1. Field of the Invention
The present invention relates to a stencil printing machine of an inner pressure type for acting a printing pressure onto the inner peripheral surface of a printing drum.
2. Description of the Related Art
There is a conventional stencil printing machine of the inner pressure type that has been disclosed in the Japanese laid-open publication No. 10-100528, for example.
FIG. 1 is a partially sectional view of the conventional stencil printing machine of the above example. In FIG. 1, the parts of the outer peripheral surfaces of both a printing drum 100 and a pressure roller 101 are rotatably arranged in close proximity to each other. The peripheral surface of the printing drum 100 is made up of a screen. A stencil sheet 103 can be fitted on and removed from the outer peripheral surface of a screen 102.

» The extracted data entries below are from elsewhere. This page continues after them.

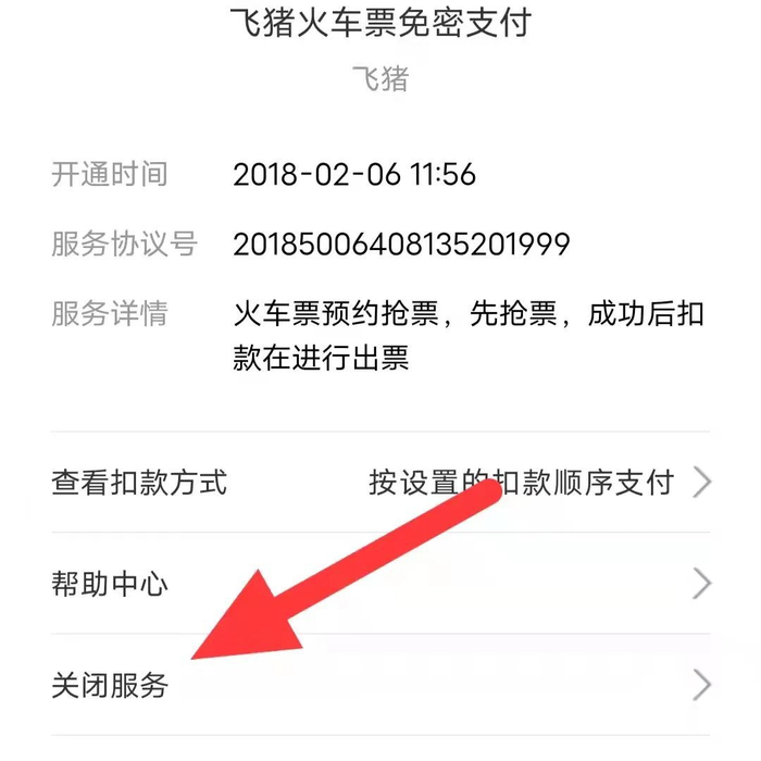 点击进入一项服务页面,点击关闭服务即可取消自动支付和扣款➘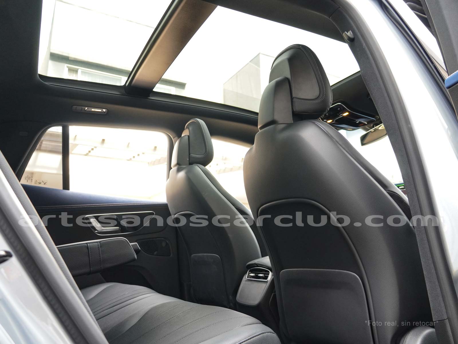 Techo en cristal de 2 módulos, elevable y deslizable con cortina antisolar de cierre eléctrico, con vidrio de seguridad calorífugo, tintado, deflector de aire en la zona delantera, protección anti aprisionamiento, cierre automático en caso de lluvia, función de cierre «PRE-SAFE® en caso de inminente colisión y sistema de apertura/cierre de cristal o cortina antisolar por exceso de calor o lluvia.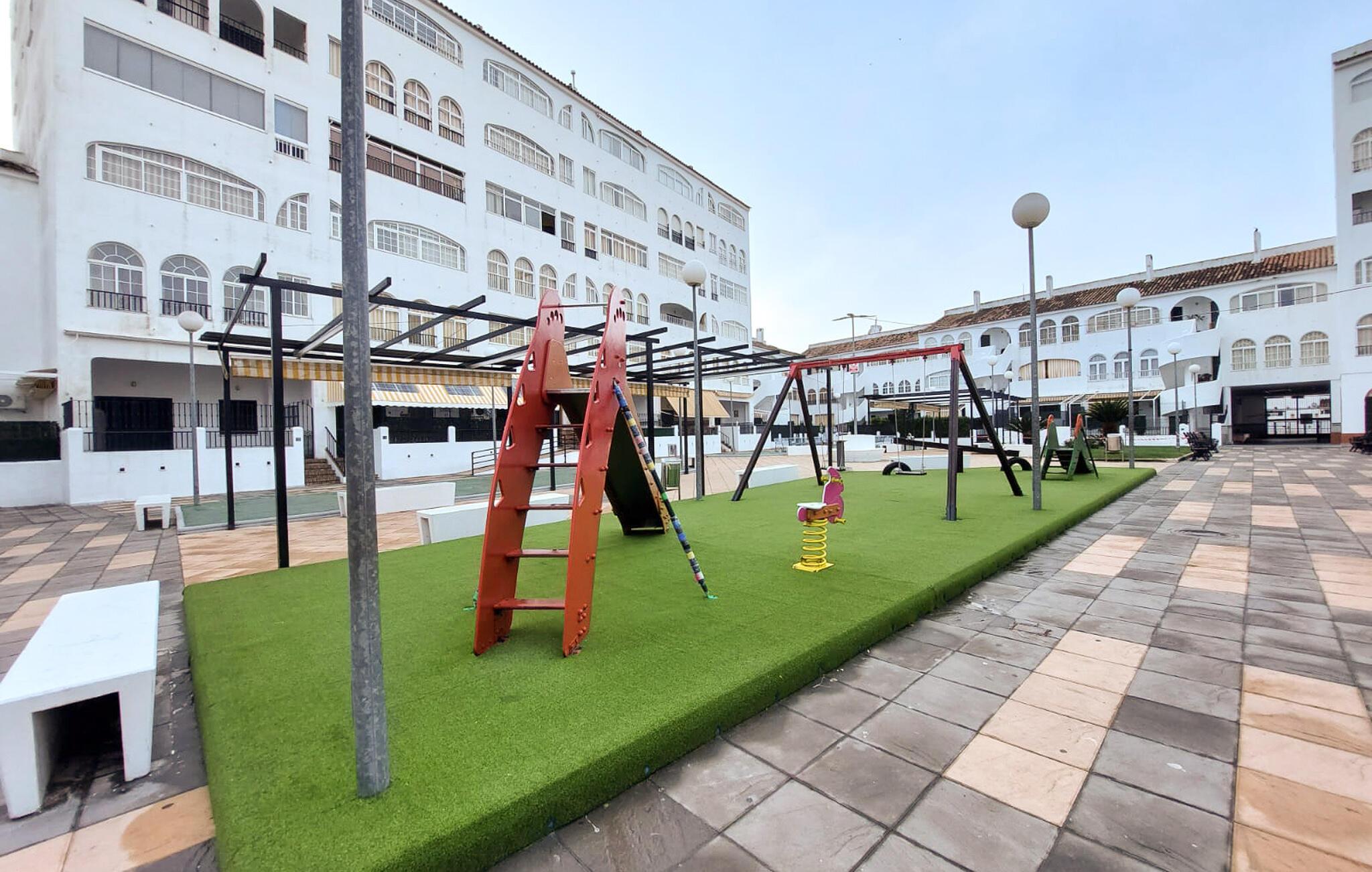 Nyd solrige dage i denne ferielejlighed med fælles pool og altan. Denne lejlighed tilbyder alt, hvad I behøver for en afslappende ferie på den andalusiske kyst. Her finder I sol, hav og den spanske livsstil i en afslappet atmosfære – ideelt for par eller familier. Opholdsstuen er praktisk designet og møbleret med sofa, tv og spisebord – perfekt til hyggelige timer efter en dag på stranden. Tilbered jeres yndlingsretter i det rummelige køkken og server jeres måltider på altanen med udsigt over det omkringliggende område. Slap af ved den store fælles pool, omgivet af en velholdt græsplæne. Tag jer tid til en svømmetur eller slap blot af ved poolen. Børnene vil elske legepladsen i gården, mens de voksne nyder roen i komplekset. Oplev El Portil og dens omgivelser. Slentr langs den kilometerlange sandstrand, tag en tur til naturreservatet Laguna de El Portil, eller besøg den charmerende by Huelva. Golfentusiaster vil også finde masser at nyde i regionen.

An inner press roller 104 is arranged or placed in the printing drum 100 so that the inner press roller 104 is rotatable around a lever 106 that is supported around the center of a supporting shaft 105. The inner press roller 104 is moved between the standby position and the pressure position A. The standby position is separated in arrangement from the inner peripheral surface of the screen 102. At the pressure position A, the inner press roller 104 presses the inner peripheral surface of the screen 102. An inner press mechanism 107 is arranged in the printing drum 100.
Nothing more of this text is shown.